Unit Tesing using pytest
We tested INcDb on 2 different kind of test cases.
-
The first kind is using the client which act like the browser, to navigate INcDb. We check that given each URL, the expected layout is return by confirming the content of the layout contain the keywords (usually the title of the page) we specified.
-
We also tested the Python functions like
find_or_create_user
to verify that data is added correctly into the database.
The set of test cases can be found at https://github.com/UCL-CS35/incdb-poc/tree/master/tests
Issues Faced
As we try to keep each set of test cases independent, we intialise the database for every set of test cases. However, the initialisation of Neurosynth dataset take up a considerable amount of time (at least 5 minutes). Thus, we did not implement detailed and complicated test cases.
Loading Stress Test
We used Loadster to test how our live demo handle multiple concurrent users. The Loadster simulate traffic conditions to identify breaking point of the website. The image below show the response times when 25 virtual users were simulated. For the full test result, click here.
It was not surprising that the brain image file (anatomical.nii.gz?.nii.gz) has the highest average response times due to its larger file size. The average response times were below 0.2s for basic pages like the home, movie and term pages proved that INcDb was able to load smooth and quickly.
User Acceptance Testing
Testing Strategy
User Acceptance Testing (UAT) is the last testing carried out before the software goes live. The main purpose of UAT to validate the software against the business requirements. Hence, prioritizing critical business objectives.
In our case, the objectives are:
-
INcDb provide a simple and easy way to browse brain images.
-
INcDb allow Neuroscientists to contribute their data.
-
INcDb match the Terms with the brain activation identified from the brain images.
There are 3 things that we considered during our coding and testing process:
-
Focus Testing on Requirements
-
Design Systems for Testability
-
Consider Usability Testing
Based on all of above, our testing strategy is to ensure that the product (every version of it) fits our final design requirements. In the process, we tested for the INcDb’s workability, functionality, and to run the app on live remote server hosted by Digital Ocean.

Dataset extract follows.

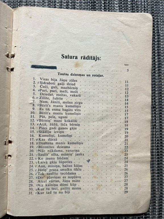 | Grāmata “Dziesmu vācelīte” (Jēkabs Mediņš u.c.) ir dziesmu krājums pirmsskolai un pamatskolas 1.–2. klasei. Tajā apkopotas tautasdziesmu melodijas, teksti, dziedamās rotaļas un dažas garīgas dziesmas, kā arī vingrinājumi dziedāšanā. Izdevums papildināts ar notīm un ilustrācijām, piemērots bērnu muzikālajai izglītībai. | |
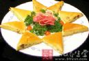 5、將烤鴨餅逐張分開,把炒好的北極貝和玉米筍裹在烤鴨餅中,做成火炬狀,再在“火炬”外面點綴少許海鮮醬即可上桌。

Here’s a table for our results of testing on app functionality:
We design our test by identifying the features to be tested, the features not to be tested, the test environment and the targeted tester.
Features to be tested
-
Repository Browsing
-
Registration, Sign In and Sign Out
-
Create Collection and Upload Dataset
Features not to be tested
- Upload Processed Dataset
Test Environment
- We let the testers use the demo version of INcDb at http://188.166.170.92/ using Google Chrome Version 50.0.2661.86 in Incognito mode. The website is reset after each test.
Targeted Tester
-
Computer Science Students - We chose CS students, who are experienced in web development, as they know what to expect during an app testings and they are able to find flaws and fault in our app quickly in fact that’s one of the main purpose of testing so that the app can be improved.
-
Neuroscientist - The choice is made because neuroscientist are the target users and are experienced in interacting with the brain images. Their opinions matter especially on whether INcDb provide a reliable way to contribute their data.
Response Received
Overall, we received positive feedbacks that the demo version of INcDb are able to completed the features that is to be tested. However, we also receive feedback on the issues our testers faced and suggestion for improvements such as:
-
Capitalising the words on the navigation bar to improve the professionalism of the website
-
Font size for the body content is too small
-
Colour of the upload progress bar does not match the colour scheme of INcDb
-
A more detailed Disclaimer Policy should be available.
-
“Not sure where to start?” on the home page is not prominent.
-
The upload process take a long time.
Conclusion
The feedback on the design of INcDb was useful to further polish our website to make it ready for the use by public. The suggestion for a more detailed Disclaimer Policy will be further discussed with our client and necessary changes will be made once he draft the new policy. However, the complaint on the long duration taken during the upload process cannot be resolved on our side. As the dataset are usually more than a gigabyte at least, the upload process will take a while even if the user has good connection speed. Beside having a progress bar to update the user on the progress of the uploading process, we will also look into including messages during the uploading process to remind the users to be patient with the uploading.
The User Acceptance Testing, which has real users to test the application, gave us an insight of how the users use the application and help us identify issues they faced and prepare the application to be used by the general public.